In November, National Book Critics Circle members will begin nominating and voting for the fourth John Leonard award for first book in any genre. In the run-up to the first round of voting, we'll be posting a series of #NBCCLeonard blog essays on promising first books. The third in our series is NBCC member Anita Felicelli on Emma Cline's The Girls (Random House).
What makes Emma Cline's dark debut The Girls so intoxicating is her ability to render with precision the turbulent emotions and observations lying just beneath both ordinary and extraordinary events. She's the kind of writer who identifies an experience so perfectly—both its texture and it's core—that you realize the existence of an emotion you might not have realized was there lurking under the surface of your own life.
In her depiction of a Northern California girlhood tilting towards darkness, Cline takes a subject matter that has only relatively recently been given its critical due —the individual consciousness of a teenage girl. The Girls unearths within that terrain all the insight and verve of literature on topics considered loftier.
As a fourteen-year-old in 1969, Evie Boyd spots a group of older girls at a park in Petaluma “sleek and thoughtless as sharks breaching the water.” Evie appears to be middle-class and utterly ordinary, the granddaughter of a film actress and the daughter of parents recently divorced. The older girls are thrillingly different than her best friend Connie, of whom she says “I'd always liked her in a way I never had to think about, like the fact of my own hands.”
Black-haired Suzanne catches Evie's eye right away. Later on, she's captured in a photograph and described as “feral.” The physicality of Evie's interest in Suzanne is interesting. Although the connection seems primarily like an intense emotional attraction on Evie's part, it is also sexual desire.
We know that Evie isn't there on the night of the murders from the beginning. The older Evie tells us that right off the bat. However, Cline build suspense in the novel by showing Evie's gradual descent into the world of a cult leader's girls, first stealing toilet paper for Suzanne, and then stealing from her mother. It would be tempting to focus solely on Evie's own relentless, shapeless willingness to self-destruct, but Evie's crush on Suzanne isn't complete delusion. In a small gesture that seems cruel in the moment, Suzanne saves Evie from herself.
The Girls is often described in connection with its mirroring of certain aspects of the Charles Manson murders. Perhaps this is because the connection to Manson is the commercial hook of a book that is unabashedly, luxuriously literary in its style. The Girls features a cult leader, Russell, whose inclination towards immediately urging his girls towards fellatio is apparently patterned after Manson.
Another writer might have mined the relationship between Suzanne and Russell, the cult leader. But what makes The Girls so fascinating and rich is not it's tackling of an American crime, but its exploration of the wild emotional attraction girls, especially those of a certain age, have to other girls. Unlike heterosexual crushes, a young girl's emotional same-sex crush doesn't follow any particular social conventions, and has nothing to bound it or define it or restrict it. The lack of language is also a lack of norms, and it leaves an absence that can be filled with greater darkness, perhaps, than relationships that have been more carefully coded and circumscribed for social order.

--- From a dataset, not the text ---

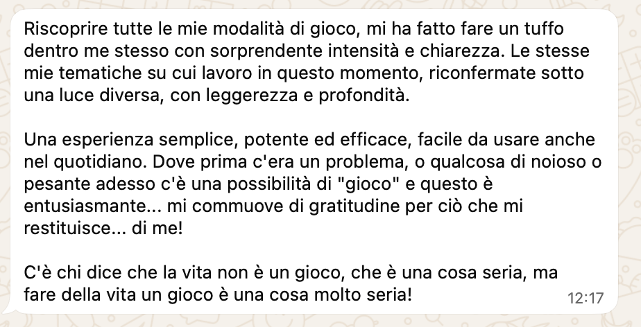 Una esperienza semplice, potente ed efficace, facile da usare anche nel quotidiano. Dove prima c'era un problema, o qualcosa di noioso o pesante adesso c'è una possibilità di "gioco" e questo è entusiasmante... mi commuove di gratitudine per ciò che mi restituisce... di me!

In adolescence especially, the allure of danger is conflated with connection. Years after her friendship with Suzanne, Evie notes, “I wished I'd stayed safely in my bedroom in the dry hills near Petaluma, the bookshelves packed tight with the gold-foil spines of my childhood favorites. And I did wish that. But some nights, unable to sleep, I peeled an apple slowly at the sink, letting the curl lengthen under the glint of the knife. The house dark around me. Sometimes it didn't feel like regret. It felt like a missing.”
Older Evie is a live-in aide, in between jobs, staying at an old boyfriend's house when the old boyfriend's son Julian and his girlfriend Sasha show up. Sasha is as formless and susceptible to influence as Evie was. Or so Evie imagines.
While this contemporary storyline may seem slight and inconsequential, in it there is the timelessness of a younger woman's needy, but almost parasitic relationship with an older woman she hopes to be, that one day she will fear she's become—that nicely dovetails with the primary story of Evie's crush on Suzanne. I was reminded of the final scene of All About Eve when, on the night of Eve's triumph and her undoing, a young anonymous woman holds up the Sarah Siddons award and apes Eve, bowing at herself in the mirror, an audience of one.
The brilliance of The Girls occurs sentence to sentence. The language is never merely pretty or showy, but derives most of its dazzling beauty from its willingness to provide a language for what is so often left unspoken. The Girls articulates the emptiness and desperate longing for connection that might allow a young woman who is well-off, but feels herself to be mediocre and ordinary under the male gaze, to follow another woman into darkness and depravity.
What does the young object of the male gaze look at? Men sometimes, but perhaps just as often at the slightly older version of herself, at what she might soon become.
Anita Felicelli is a writer whose nonfiction has appeared in the New York Times, Salon, San Francisco Chronicle, Los Angeles Review of Books, and The Rumpus. She lives in Northern California, where she's working on a short story collection and a novel.